Coluccia M, Giordano D, Loseto F, Intini F P, Maresca L, Natile G
Istituto di Patologia Generale, Bari, Italy.
Anticancer Res. 1989 May-Jun;9(3):795-8.
The ability of enantiomeric platinum complexes to block the action of selected restriction enzymes has been investigated. The complexes [PtCl2(DAC)], [PtCl2(DAB)] and [PtCl2(DAP)] (DAC = 1,2-diamminocyclohexane; DAB = 2,3-diamminobutane; DAP = 1,2-diamminopropane) exhibit a guanine-cytosine preference in accord with previous results on cis-[PtCl2(NH3)2] (cis-DDP). The extent of inhibition, however, is significantly different for the different isomers; the R,R form is more active than the others at short incubation time, as the time becomes longer, the differences among isomers level off. It also appears that cis-DDP is more active than [PtCl2(DAC)] in blocking the Cfo I enzyme, though it shows a preference for the G-X-G sequences.

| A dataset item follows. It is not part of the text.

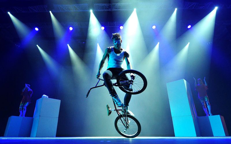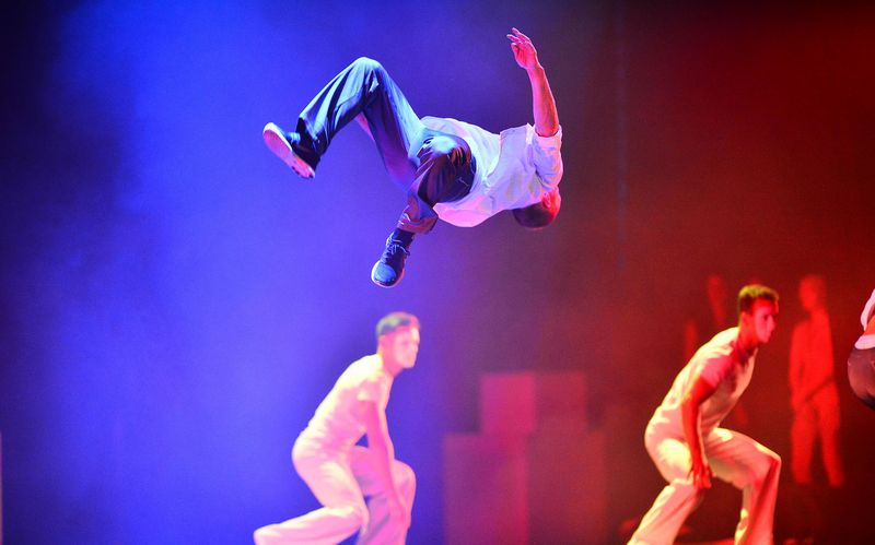 The performance shows a dynamic way to break out of everyday life. It’s a story about defeating monotony. To open up minds. To join a modern way of expression. The show develops a colourful experience through performing arts: Acrobatics, dance, live-drumming and visual effects merge into an intense unity.

对映体铂配合物阻断所选限制酶作用的能力已得到研究。配合物[PtCl2(DAC)]、[PtCl2(DAB)]和[PtCl2(DAP)](DAC = 1,2 - 二氨基环己烷;DAB = 2,3 - 二氨基丁烷;DAP = 1,2 - 二氨基丙烷)表现出鸟嘌呤 - 胞嘧啶偏好性,这与之前关于顺式[PtCl2(NH3)2](顺铂)的结果一致。然而,不同异构体的抑制程度有显著差异;在短孵育时间时,R,R形式比其他形式更具活性,随着时间延长,异构体之间的差异趋于平稳。似乎顺铂在阻断Cfo I酶方面比[PtCl2(DAC)]更具活性,尽管它对G - X - G序列表现出偏好性。